Outside of traditional health and residential areas, such as care homes, cruise ships are at high risk as passengers can feel fine when they get on board and then experience symptoms in a confined space, with little room to spread out.

Even once recovered from symptoms, some of the passengers are also likely to continue to shed the virus (one adult study suggested for 182 days) and therefore some of those who get sick early on and recover may continue to be a silent source and risk for other passengers if they don’t have good general hygiene practices.
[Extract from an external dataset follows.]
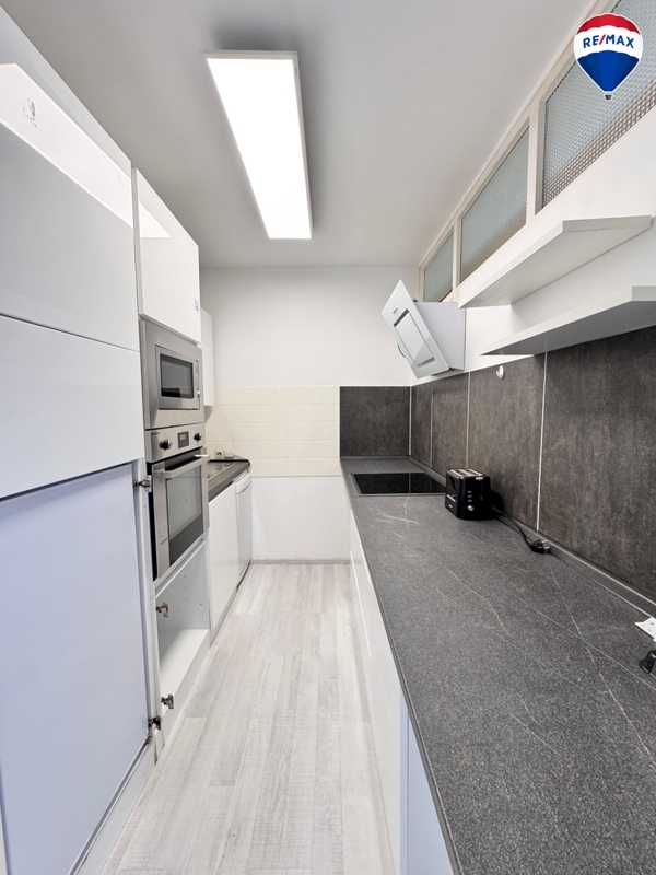 Die funktional gestaltete Einbauküche ist mit allen notwendigen Geräten für den täglichen Bedarf ausgestattet.

It can also be a challenge to decontaminate some of the surfaces, as they are often predominated by soft furnishing where it can be difficult to use cleaning agents with sufficient activity as Noro can be resistant to disinfection and present in such high loads it can be hard to remove. This has led to the surfaces in cruise ships being a continued risk even when all of the original passengers have departed and a completed fresh set has boarded.

Seasonality

Norovirus outbreaks are seasonal, with the peak occurring in the winter months. This is partly because, as humans, we tend to spend more time indoors in close quarters with each other during the colder months. We get together for the festive season, and because the nights draw in earlier. This means that we tend to spend more time in higher density interactions than in the summer, where we might be out eating alfresco or going for evening walks, or in my case, cocktails. We also tend to travel to other households and cook for each other as part of the seasonal festivities, which means the food borne route definitely comes into play. Finally, as temperature and humidity impact on the indirect surface route, environmental conditions mean that the viruses survival on surfaces at this time of year is probably more prolonged. Norovirus never really goes away, but the number of cases definitely spikes during the winter.

Strain variance/immunity

The UKHSA mentioned that one of the reasons that there may be more Norovirus cases around now is because one of the current predominant strains is GII.17. The chart below is linked to circulating Norovirus in China, so not the UK, but you can see, even over a few years, how the levels of different circulating strains changes, and that within years there are normally a few strains that co-circulate with a predominate strain type.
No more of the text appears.